Given the records underneath, please repeat exactly the lines from the line with "The Hela (H)" through the line with "(1) 대한민국법원전자소송 사이트에 접속한 후 로그인을 합니다.", passing over any picture.

■ Exercise material:

▶

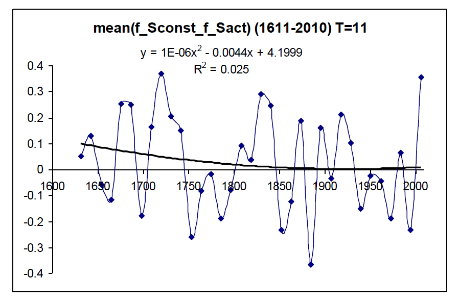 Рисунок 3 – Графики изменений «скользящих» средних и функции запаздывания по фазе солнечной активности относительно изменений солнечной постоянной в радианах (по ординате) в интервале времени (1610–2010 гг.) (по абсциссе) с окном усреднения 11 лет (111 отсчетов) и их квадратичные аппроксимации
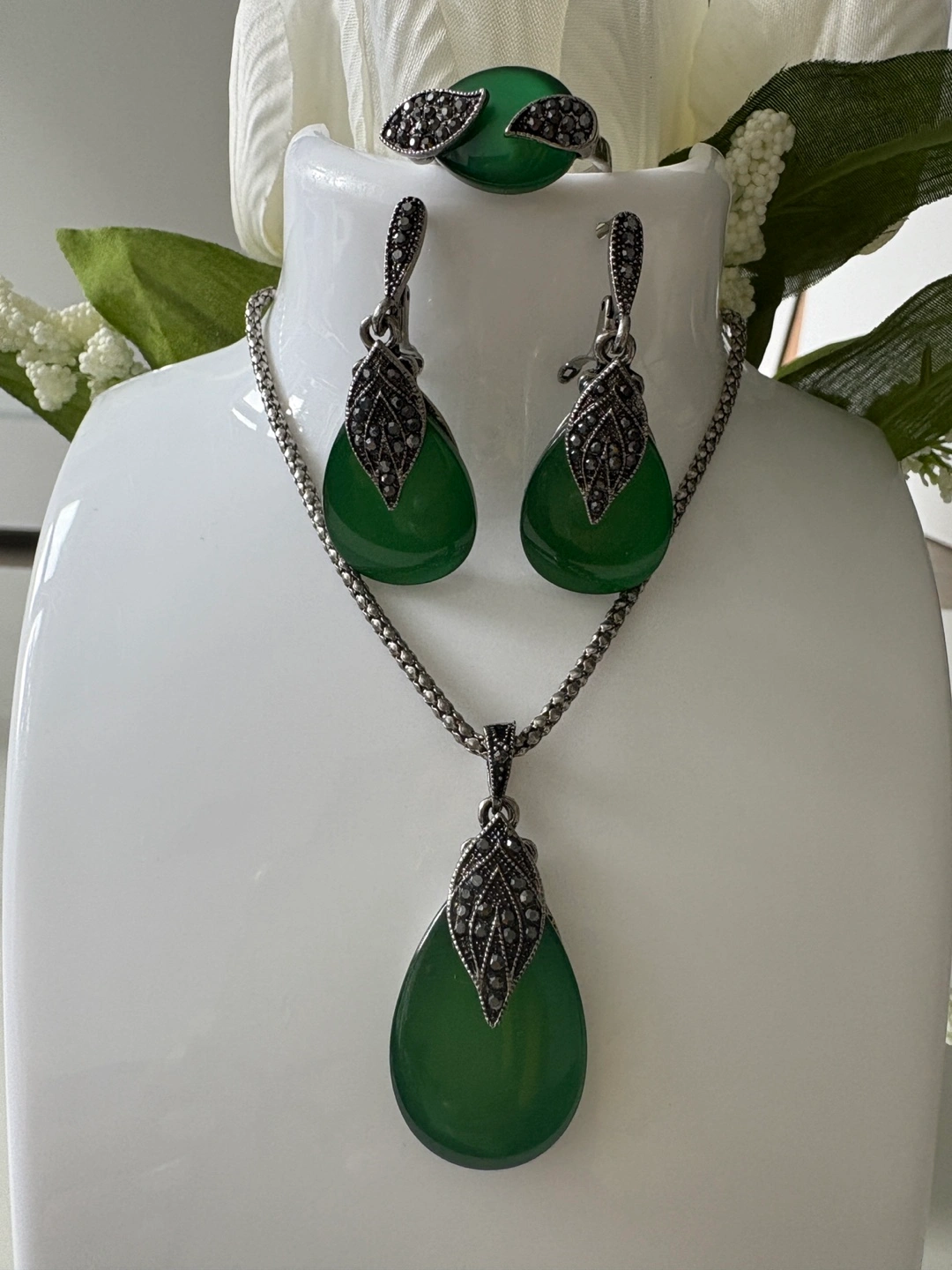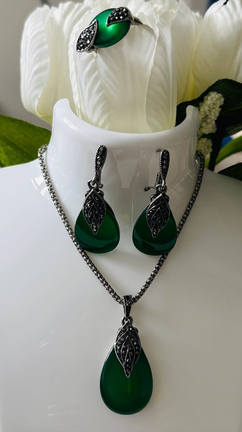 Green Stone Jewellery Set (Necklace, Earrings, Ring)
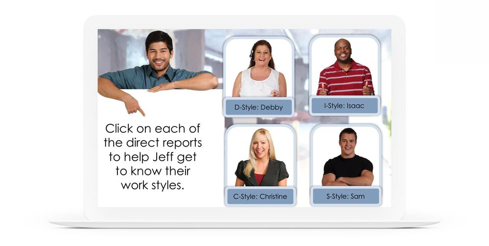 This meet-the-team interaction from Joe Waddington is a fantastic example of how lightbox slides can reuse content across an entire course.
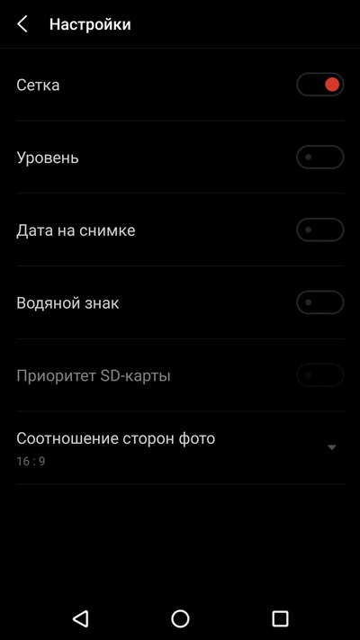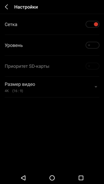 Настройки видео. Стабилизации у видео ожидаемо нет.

◀
▶

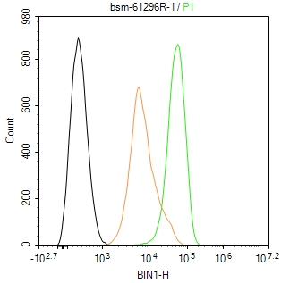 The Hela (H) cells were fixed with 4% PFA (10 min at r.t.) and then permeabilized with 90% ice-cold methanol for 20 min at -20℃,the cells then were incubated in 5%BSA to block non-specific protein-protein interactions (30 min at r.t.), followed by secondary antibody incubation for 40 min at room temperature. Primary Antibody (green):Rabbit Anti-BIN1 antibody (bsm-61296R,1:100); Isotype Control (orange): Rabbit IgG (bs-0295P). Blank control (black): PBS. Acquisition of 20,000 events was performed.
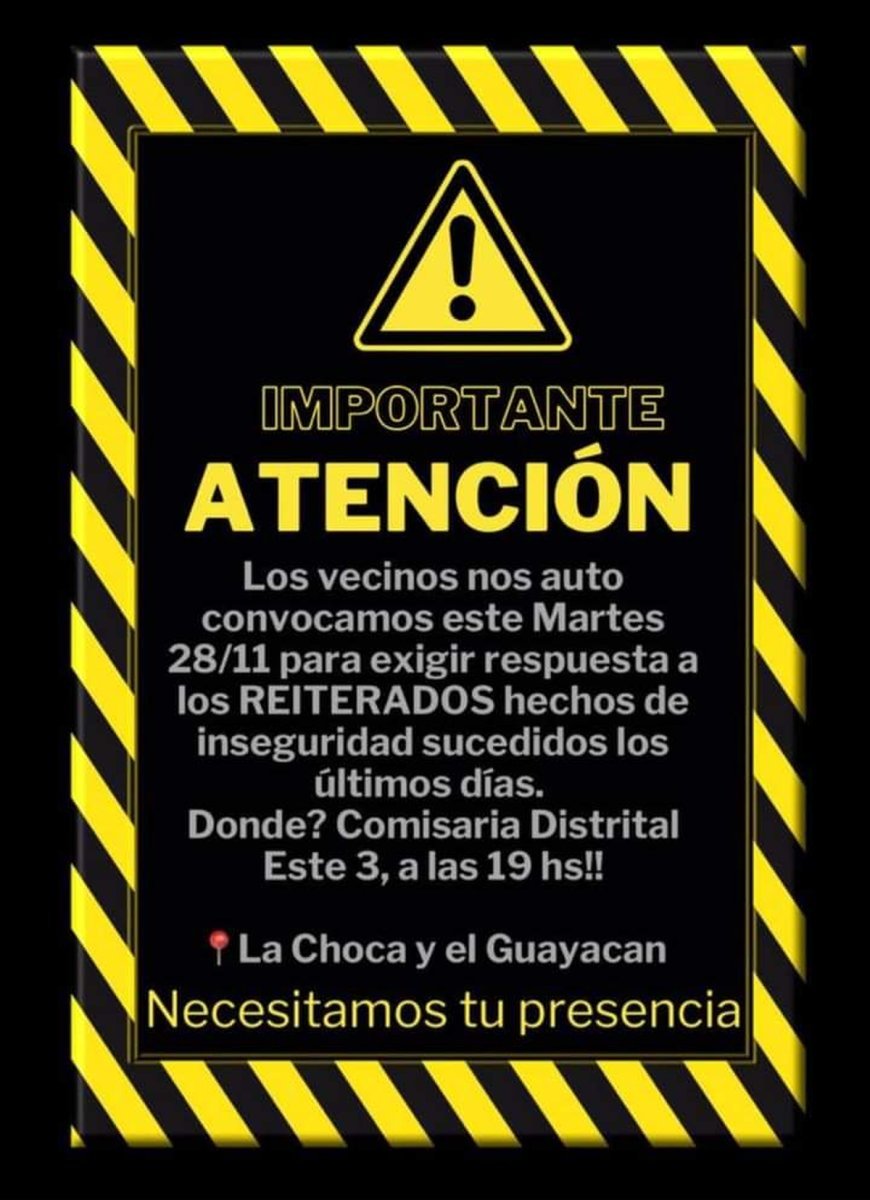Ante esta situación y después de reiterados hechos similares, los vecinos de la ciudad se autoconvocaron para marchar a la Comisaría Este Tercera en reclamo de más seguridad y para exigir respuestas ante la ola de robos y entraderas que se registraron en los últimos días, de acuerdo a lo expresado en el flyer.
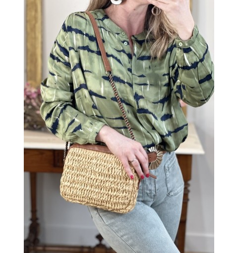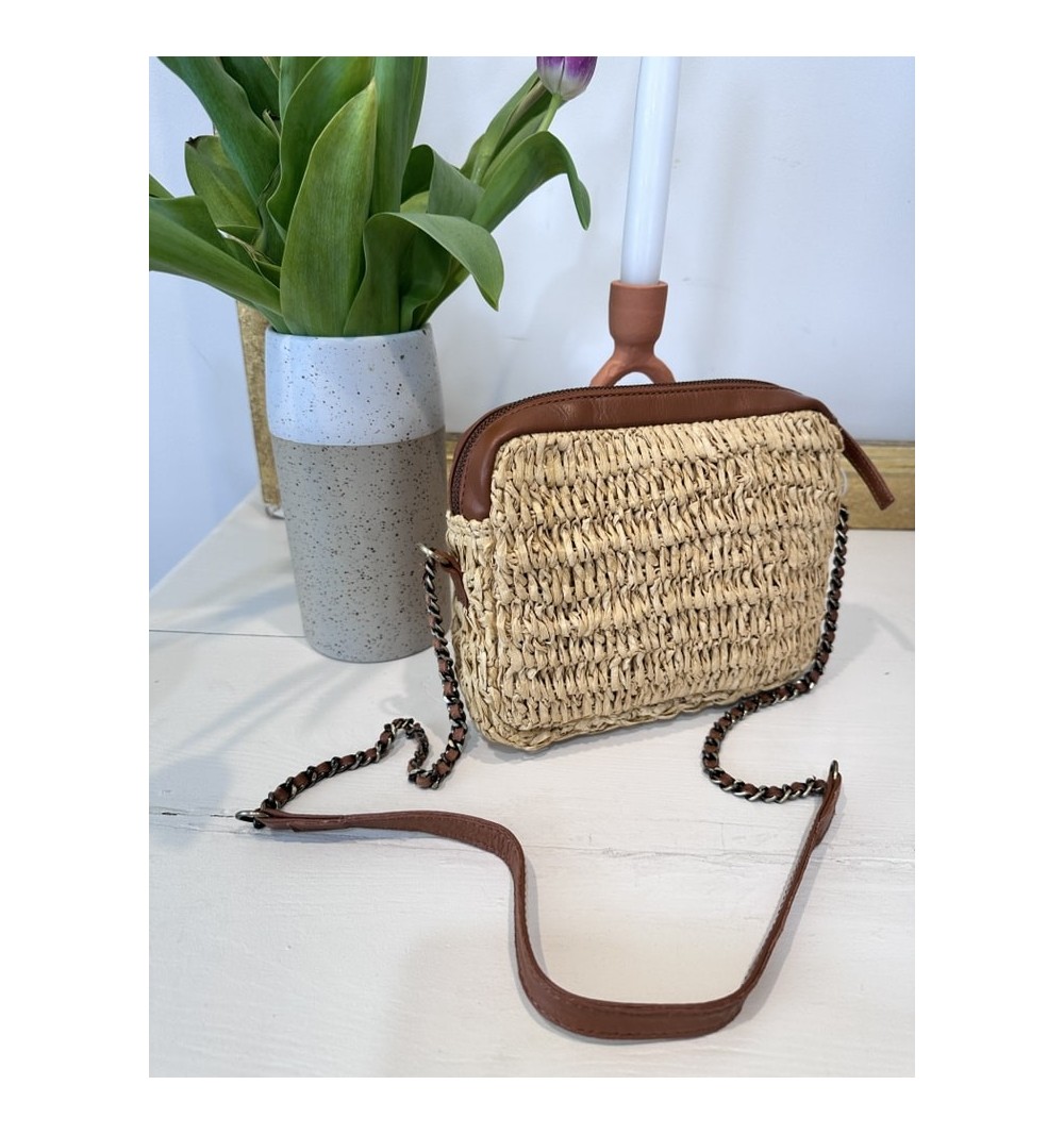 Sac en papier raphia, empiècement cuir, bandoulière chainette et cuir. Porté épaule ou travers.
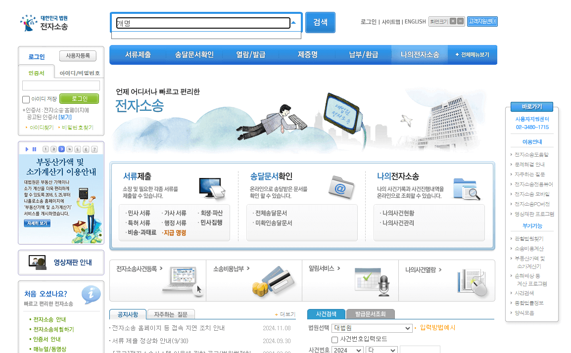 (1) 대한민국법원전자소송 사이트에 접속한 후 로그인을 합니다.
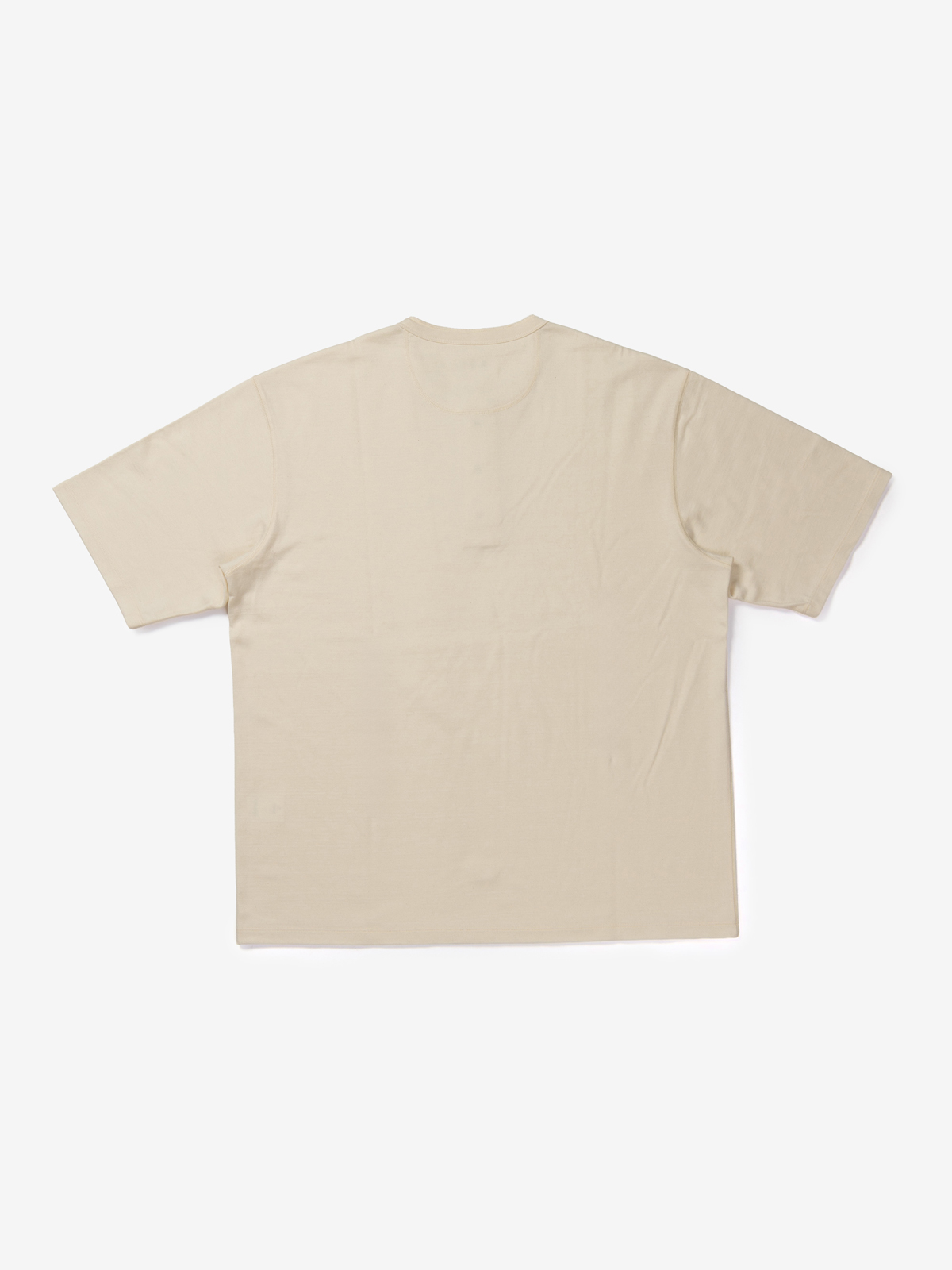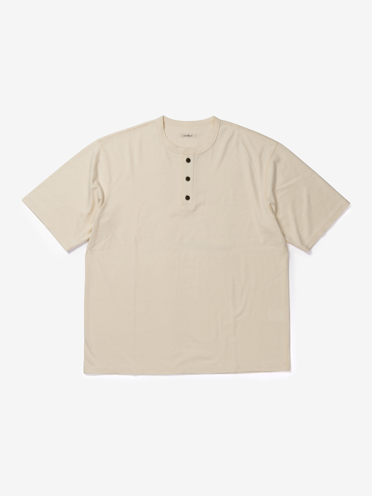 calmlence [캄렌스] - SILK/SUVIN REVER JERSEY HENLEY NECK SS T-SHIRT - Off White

◀
▶

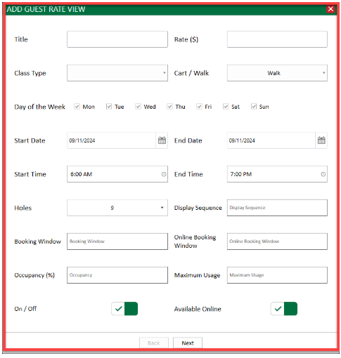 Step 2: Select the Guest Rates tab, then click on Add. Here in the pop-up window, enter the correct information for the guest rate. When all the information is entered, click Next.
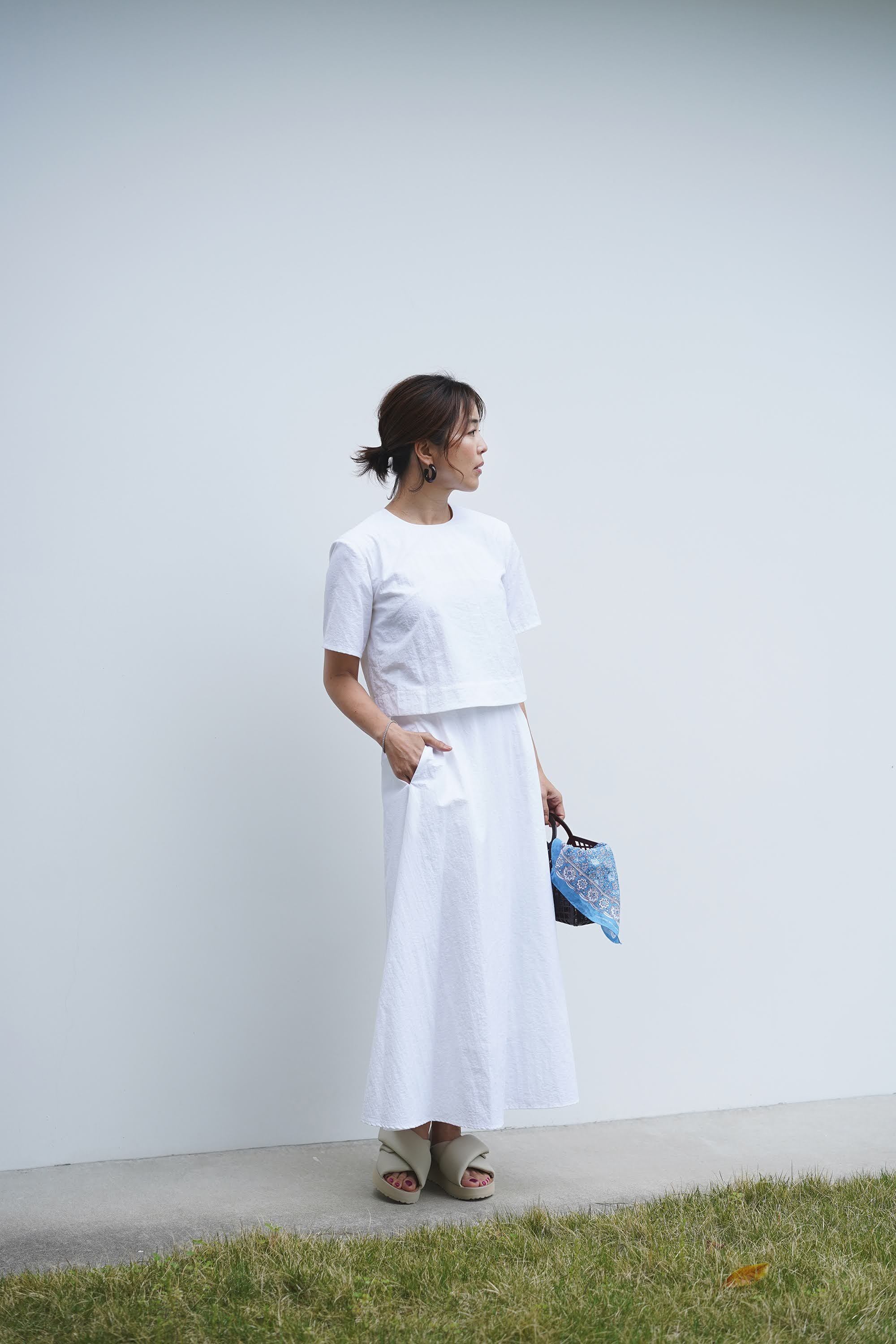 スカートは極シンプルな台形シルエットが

◀

■ Your response:
 The Hela (H) cells were fixed with 4% PFA (10 min at r.t.) and then permeabilized with 90% ice-cold methanol for 20 min at -20℃,the cells then were incubated in 5%BSA to block non-specific protein-protein interactions (30 min at r.t.), followed by secondary antibody incubation for 40 min at room temperature. Primary Antibody (green):Rabbit Anti-BIN1 antibody (bsm-61296R,1:100); Isotype Control (orange): Rabbit IgG (bs-0295P). Blank control (black): PBS. Acquisition of 20,000 events was performed.
Ante esta situación y después de reiterados hechos similares, los vecinos de la ciudad se autoconvocaron para marchar a la Comisaría Este Tercera en reclamo de más seguridad y para exigir respuestas ante la ola de robos y entraderas que se registraron en los últimos días, de acuerdo a lo expresado en el flyer.
 Sac en papier raphia, empiècement cuir, bandoulière chainette et cuir. Porté épaule ou travers.
 (1) 대한민국법원전자소송 사이트에 접속한 후 로그인을 합니다.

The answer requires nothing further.